The idea is not only to put an extra team in the playoffs (and keep more teams in contention, and more fans interested, in September), but also to make winning the division more significant. Up until now, winning the division was important but it wasn’t critical. The wild card winners were just about equal with the division winners. From now on, however, the wild card teams are going to have to win the wild card play-off game to get to the Division Series. That is a big risk.
I understand the logic behind the move, and on balance it is a good idea, even if it dilutes the postseason a little more by allowing fully one-third of the teams into the playoffs.
But I object to one argument in favor of the new idea: The argument that wild card playoff games will give us, every year, the excitement of September 28, 2011 (see here), when the wild card spots in both leagues came down to the final game of the year.

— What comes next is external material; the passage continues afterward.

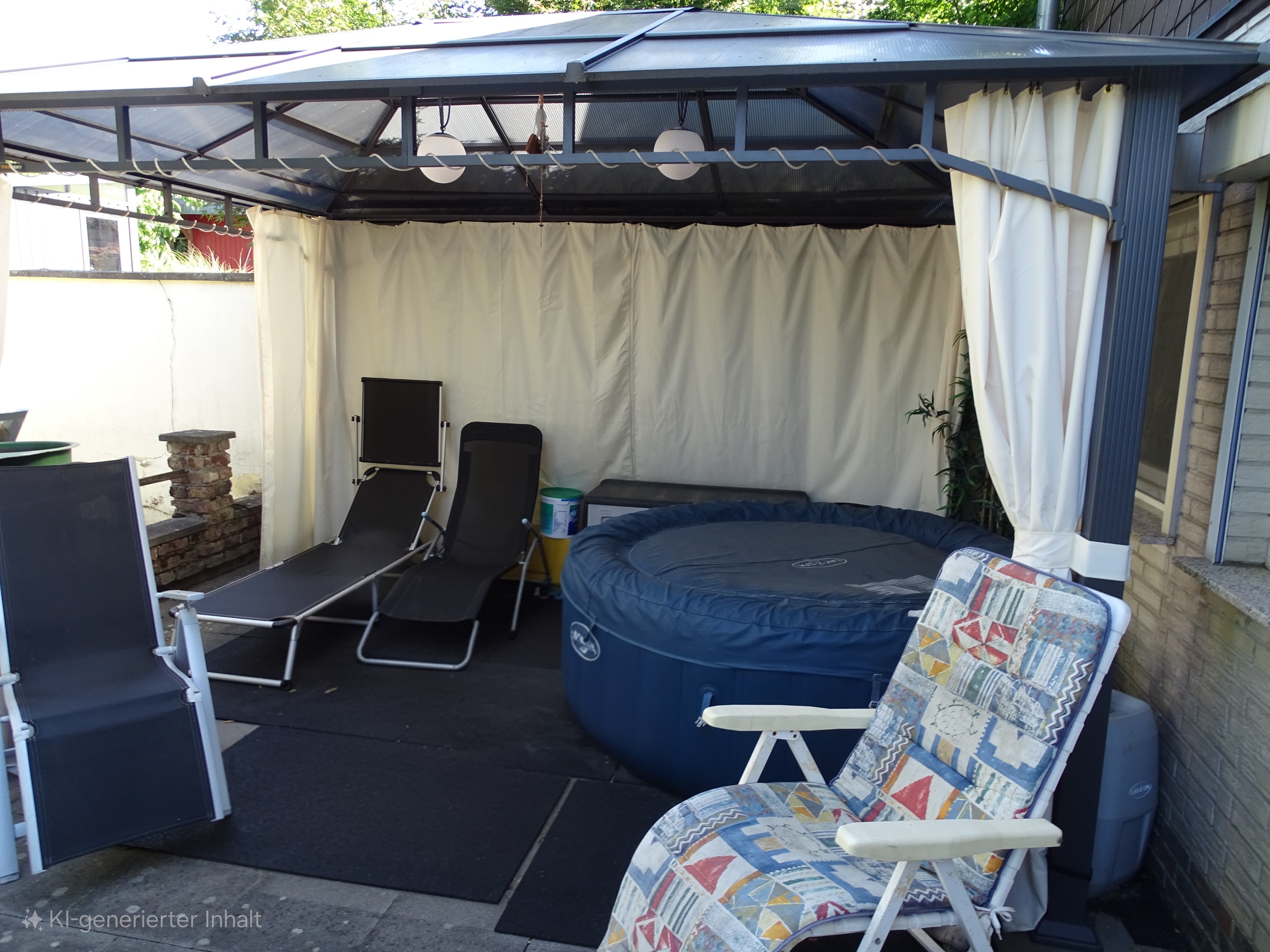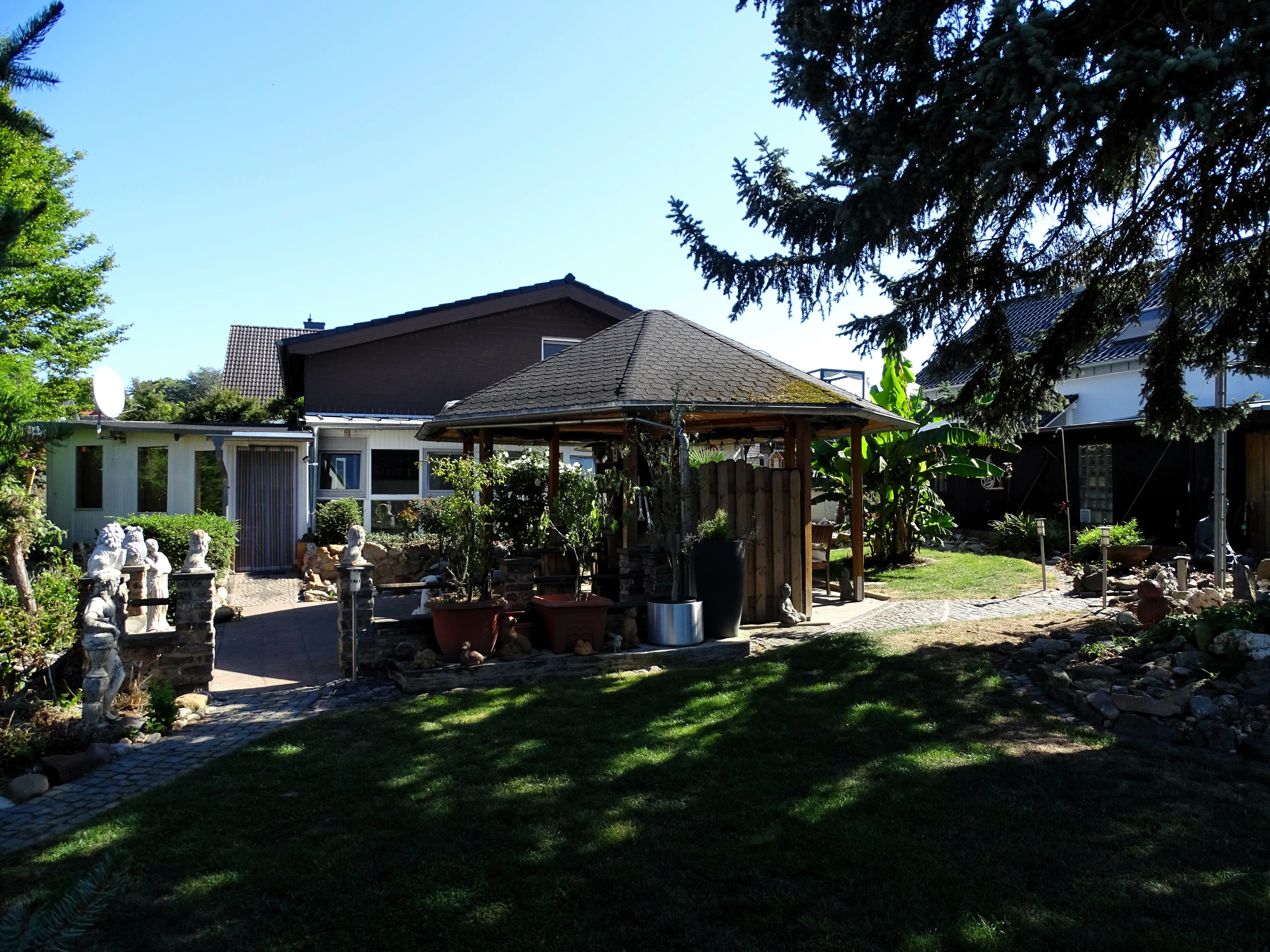 Der Außenbereich bietet mit einem überdachten Wellness-Bereich (zuletzt mit Whirlpool genutzt), einem Carport für zwei Pkw und einer langen Einfahrt weitere Attraktivität. Der Garten ist aufgrund des alten Baumbestands, eines romantischen Teichs und eines Pavillons sowohl idyllisch als auch pflegeleicht. Er bietet zudem ausreichend Platz für Kinderspielbereiche, Hundeauslauf, Gemüsegarten, einen möglichen Pool oder sogar eine flexible Bebauung.

Similarly, I have heard it said that the excitement of the Cubs-Giants playoff game in 1998 (also on September 28), when the Cubs and Giants had a playoff for the wild card spot, would have been the same under the new system - because the Cubs and Giants would have still been playing that night anyway. It would have just been the first game of the postseason, i.e., the game between the two wild card teams, instead a playoff game at the end of the regular season to see who would get into the postseason.
That argument is wrong. The excitement will not be as great. I watched September 28 last year, and I still have a videotape of the September 28, 1998. Here’s the difference: Last year, and in 1998, the games were all about getting into the postseason. The new wild card playoff game will just be about advancing in the postseason, not getting there. It has come to not be all that big of a deal to win a Division Series. The League Championship Series is a big deal because you get a pennant and you get to the World Series. The Division Series? Just a stop on the way. And that is what the wild card playoff game has a chance to become. Just another stop on the way.
And I can assure you that neither September 28, 2011 nor September 28, 1998 were just another stop on the way.